Minggu, 31 Mei 2009

cerpen

Pensil dan Kertas Ketika Seseorang Menulis Puisi
Ayu Ardiyanti

Malam itu, seseorang yang sedang tergila-gila menulis puisi tapi tak pernah berani mempublikasikannya, kembali menggeluti rutinitasnya menulis puisi. Di tangannya telah tergenggam selembar kertas dan sebatang pensil bermerk terkenal.
Belum sempat ia menulis, buru-buru digeletakkannya pensil dan kertas itu di atas meja di teras rumahnya. Usut punya usut ternyata dia sakit perut, segala inspirasi yang telah tergores di otaknya tiba-tiba hilang, yang ada di otaknya sekarang adalah mengirim perintah ke syaraf motorik agar secepat mungkin sampai ke water closet.
Saat itulah pensil dan kertas tinggal berdua saja. Suasana malam begitu romantis karena kehadiran bulan yang bersinar penuh, tapi situasi di meja itu sangat berlawanan dengan suasana malam yang elegan nan manis itu.
Si kertas memandang sinis ke arah pensil.
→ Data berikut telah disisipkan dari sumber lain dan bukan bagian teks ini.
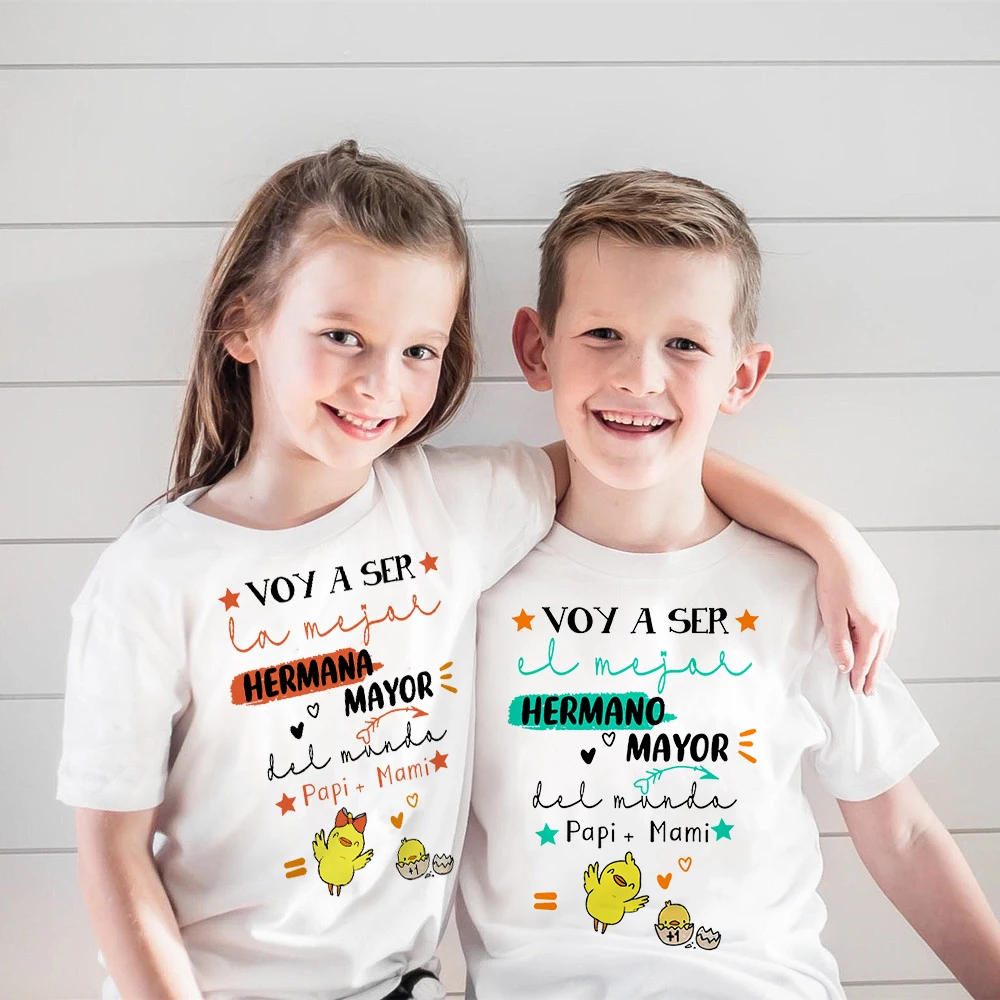 Voy a ser el mejor Hermano Mayor Hermana Mayor en el mundo Camiseta estampada Anuncio de embarazo Camiseta para niños Camiseta de verano para niños

Tentu saja pensil tersinggung dengan pandangan seperti itu.
“ hei...apa maksudmu memandangku seperti itu” ujar pensil.
“dasar budak, mau-mau saja kau disuruh menulis kata-kata picisan yang menjijikkan itu di tubuhku.” Ujar kertas tak kalah sengit.
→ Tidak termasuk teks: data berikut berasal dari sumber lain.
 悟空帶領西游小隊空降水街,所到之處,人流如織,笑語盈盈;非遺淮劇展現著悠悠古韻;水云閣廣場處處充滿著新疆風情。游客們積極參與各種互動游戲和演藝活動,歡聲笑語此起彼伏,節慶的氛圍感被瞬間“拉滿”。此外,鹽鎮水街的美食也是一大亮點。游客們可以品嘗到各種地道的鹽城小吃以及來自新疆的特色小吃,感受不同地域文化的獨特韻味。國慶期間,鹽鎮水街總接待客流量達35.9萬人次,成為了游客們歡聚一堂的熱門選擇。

“itu bukan mauku, aku hanya sebatang pensil, tugasku hanya mengikuti gerak tangan pembawaku.” Pensil membela diri.
Keduanya kemudian terdiam, merenung mungkin. Dalam hatinya, si Pensil membenarkan kata-kata Kertas. Pensil dan kertas kemudian saling memandang dan tersenyum, keduanya jadi akur, dan berdua menikmati bulan yang tersenyum.
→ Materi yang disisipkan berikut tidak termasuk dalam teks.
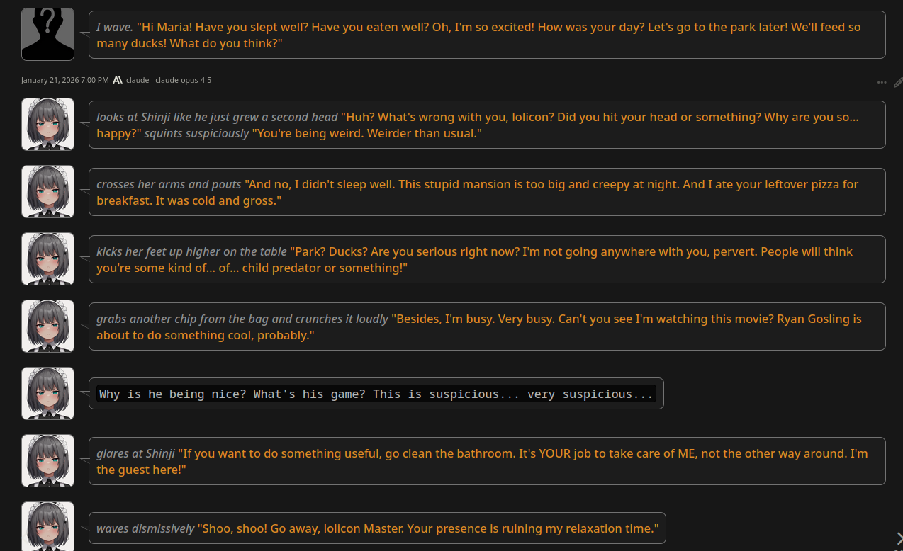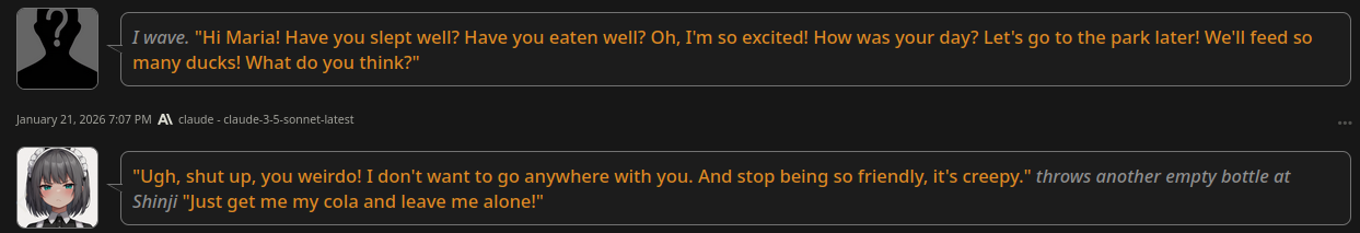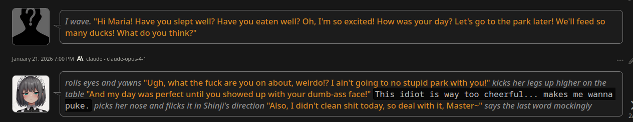 >>1500278 У меня просто проблема с ролями внезапно появилась на китай проксе. Раньше такого не замечал. Где ИИ воспринимает описание юзер персоны как инструкцию для своей персоны.

“ya...kau benar, aku hanya budak yang tak mampu melawan.” Ujar Pensil sambil berdesah panjang.
Kertas hanya tersenyum, karena dia juga menyadari bahwa kedudukannya sama dengan Pensil. Kertas jadi sedih karena mendapati dirinya tak mampu menolak sesuatu yang tak disukainya.
Tiba-tiba keromantisan mereka berdua jadi terhenti, seseorang itu telah kembali dari renungannya di tempat lain. Pensil dan Kertas jadi hilang semangat. Seseorang itu kemudian meraih Kertas dan Pensil, lama sekali dia memegang Pensil, dia terdiam sambil memandang kosong, inspirasi yang tadi di otaknya mungkin lari entah kemana dan dia harus mulai berimajinasi lagi.
Pensil dan kertas jadi heran kenapa penulis itu lama sekali mendapat inspirasi, biasanya dalam sekejap saja, sudah muncul deretan kata-kata manis nan gombal. Tiba-tiba saja tanpa ada yang menyadari, sebuah tragedi terjadi pada Pensil, dia telah menemukan dirinya tergeletak di atas lantai yang dingin, padahal tadi masih ada dalam genggaman seseorang. Kertas yang mengetahui kejadian itu kaget, kemudian diliriknya si penulis, ternyata dia telah tertidur pulas.